↓↓↓

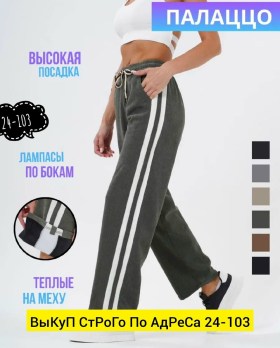 Стильные и удобные широкие брюки с резинкой на поясе и сбоку лампасами.
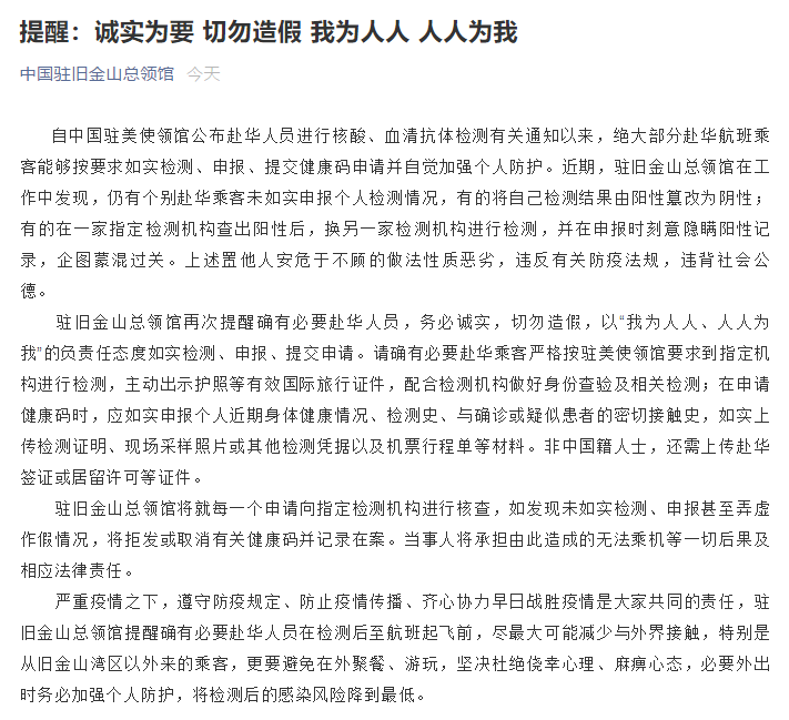 自中国驻美使领馆公布赴华人员进行核酸、血清抗体检测有关通知以来,绝大部分赴华航班乘客能够按要求如实检测、申报、提交健康码申请并自觉加强个人防护。近期,驻旧金山总领馆在工作中发现,仍有个别赴华乘客未如实申报个人检测情况,有的将自己检测结果由阳性篡改为阴性;有的在一家指定检测机构查出阳性后,换另一家检测机构进行检测,并在申报时刻意隐瞒阳性记录,企图蒙混过关。上述置他人安危于不顾的做法性质恶劣,违反有关防疫法规,违背社会公德。
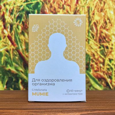 Гранулы «G. mellonella – MUMIE» - натуральный сбалансированный комплекс (полноценный курс), рекомендованный для укрепления иммунной системы и оздоровления всего организма.
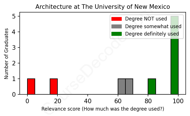 The verdict? Slightly above average. Overall, with an average relevance score of 72%, Architecture graduates from The University of New Mexico have a slightly higher likelihood (+5%) of finding work in this field compared to the average graduate across all fields:
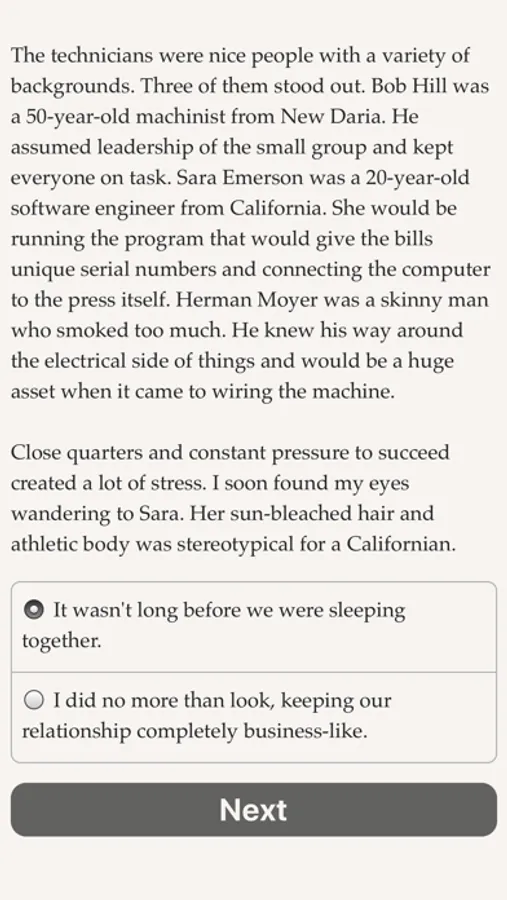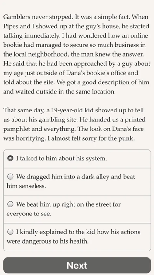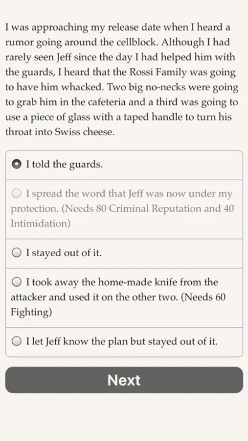 "Life of a Mobster" is a thrilling interactive novel where your choices control the story. The game is entirely text-based—without graphics or sound effects—and fueled by the vast, unstoppable power of your imagination.

↑↑↑

◆ Requirement: From the records above, quote word for word only the lines beginning at the line that has "自中国驻美使领馆公布赴华人员" and stopping after the line that has "оздоровления всего организма.". Omit the pictures.

◆ Solution to this exercise:
 自中国驻美使领馆公布赴华人员进行核酸、血清抗体检测有关通知以来,绝大部分赴华航班乘客能够按要求如实检测、申报、提交健康码申请并自觉加强个人防护。近期,驻旧金山总领馆在工作中发现,仍有个别赴华乘客未如实申报个人检测情况,有的将自己检测结果由阳性篡改为阴性;有的在一家指定检测机构查出阳性后,换另一家检测机构进行检测,并在申报时刻意隐瞒阳性记录,企图蒙混过关。上述置他人安危于不顾的做法性质恶劣,违反有关防疫法规,违背社会公德。
 Гранулы «G. mellonella – MUMIE» - натуральный сбалансированный комплекс (полноценный курс), рекомендованный для укрепления иммунной системы и оздоровления всего организма.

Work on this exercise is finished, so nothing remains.